Indinavir, HIV, and GluT4-related cognitive impairment

The GluT4 blocker indinavir was developed as an inhibitor of the HIV retroviral protease, and has no effect on mammalian proteases in either rats or humans ^{221, 222}. Other than inhibition of HIV protease, the primary action of indinavir is to selectively inhibit GluT4 via competition at the cytoplasmic domain without affecting translocation of GSVs ^{223, 224}, causing rapid and reversible peripheral insulin resistance ^225-228. This dual activity offers a potential human model in which to assess the specific impact of GluT4 blockade: patients treated with GluT4-impairing protease inhibitors (PI; indinavir, nelfinavir) vs. those treated with the newer atazanavir, which has a low affinity for GluT4 ²²⁷.

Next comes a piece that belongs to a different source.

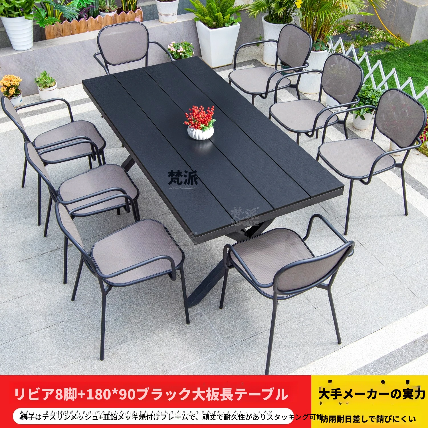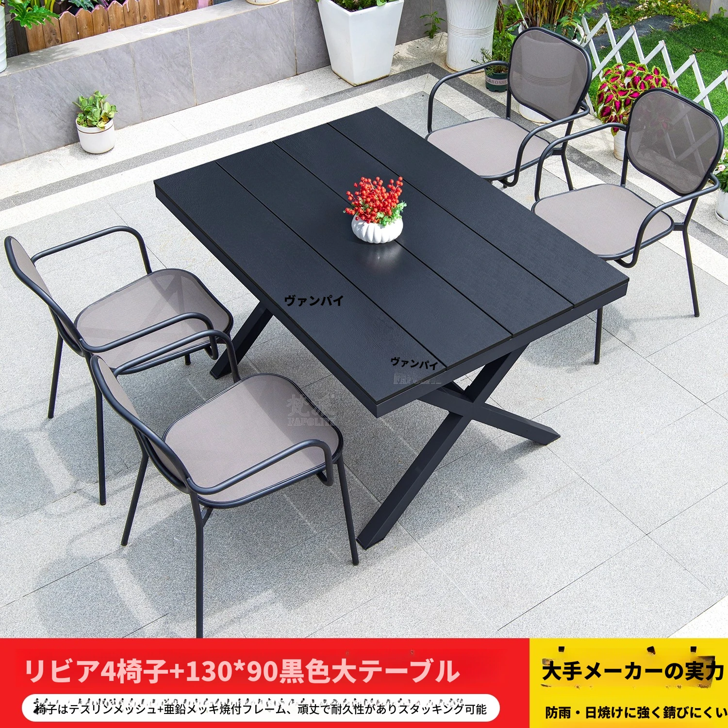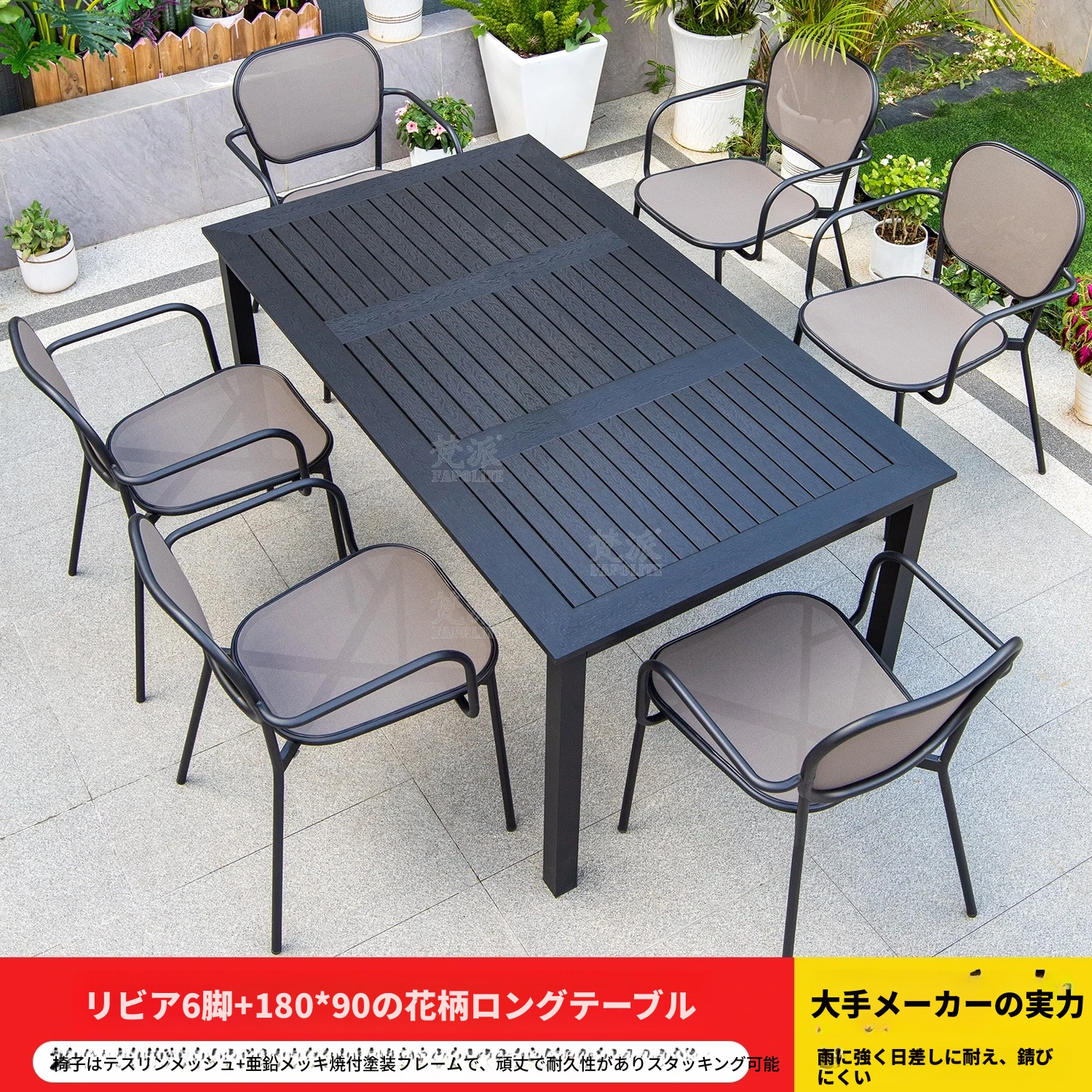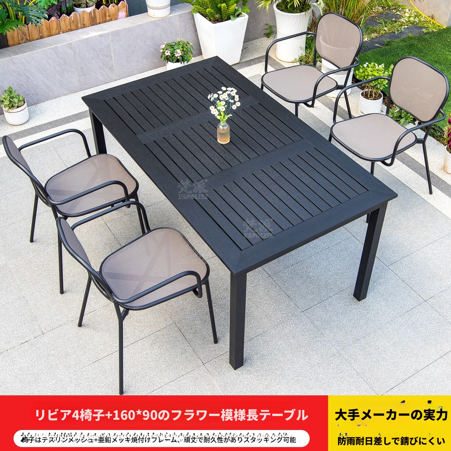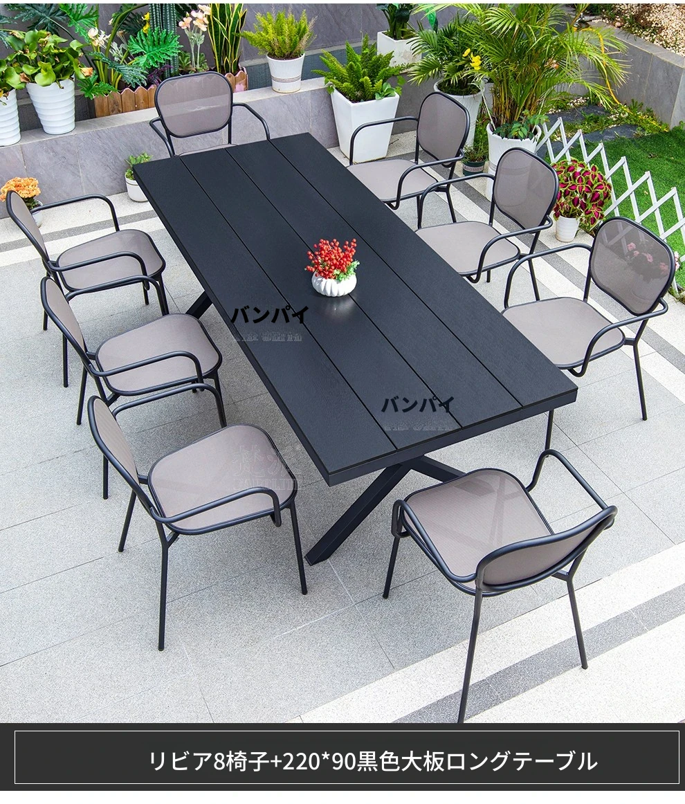 アウトドア用プラスチック木材テーブルセット!耐久性に優れたカーボンスチール製のアイアンテーブルと背もたれ付きの商業用椅子の組み合わせ。防水仕様で、どんな天候でも安心してご使用いただけます。おしゃれで機能的なデザインで、庭やバルコニーに最適です!

A common consequence of HIV infection is cognitive impairment including brain pathology, commonly referred to as HIV-associated neurocognitive disorder (HAND) ²²⁹; the prevalence of HAND has not decreased concomitantly with e.g. decreased viral load ^230-235 and is roughly 30-50% among HIV-infected persons ²³⁶. Long-term PI use has been linked to HAND, with symptoms including hippocampal cognitive impairment and Aβ accumulation, resembling central insulin resistance ²³⁷. HIV impairs blood-brain barrier integrity, so that systemic drugs such as PI may have increased access to the brain ²³⁸; note that this may also conceivably alter transport of insulin and/or glucose from the periphery. This suggests the possibility that impaired hippocampal GluT4 activity may be a cause of HAND. As an initial test of this hypothesis, we analysed data from approximately 1100 patients in the CNS HIV Anti-Retroviral Therapy Effects Research (CHARTER) dataset²³⁶. Consistent with this suggestion, we found that HIV patients with a history of GluT4-targeting PI use had impaired hippocampally-dependent recall memory relative to those who never took GluT4-targeting PI (Figure 2). This result is further support for GluT4 as a central regulator of hippocampal memory processes, and for impairment of glucose flux through GluT4 as a causal factor in cognitive impairments associated with central insulin resistance.

Figure 2.

CHARTER data showing that HIV patients on GluT4-inhibiting PI such as indinavir have impaired memory recall compared to patients taking PI that do not affect GluT4-mediated glucose uptake. Y-axis is demographically adjusted domain T-score for the recall domain, as defined in the CHARTER study²³⁶. Data are mean + SEM. * = p< .05.

Conclusion

Central, and more specifically hippocampal, insulin resistance appears to be a central element in the cognitive impairment seen in both T2DM and AD. Impairment of glucose supply to neurons subsequent to dysregulation of the insulin-sensitive glucose transporter GluT4 may be a unifying mechanism that explains, at least in part, the comorbidity of these two diseases. Additional disease states, such as HAND, where central GluT4 is impaired are also associated with cognitive impairment on hippocampal tasks. GluT4 is thus an attractive target for future therapeutic intervention: indeed, several treatments that increase the activity of GluT4 such as alpha lipoic acid, AICAR, insulin sensitizing drugs, and histone deacetylase inhibitors also increase memory ^239-242. Moreover, GluT4 in the hippocampus of healthy subjects is a key component of memory processing and regulation, likely transducing on-demand glucose supply to neurons when needed to meet the metabolic needs of increased neuronal activity.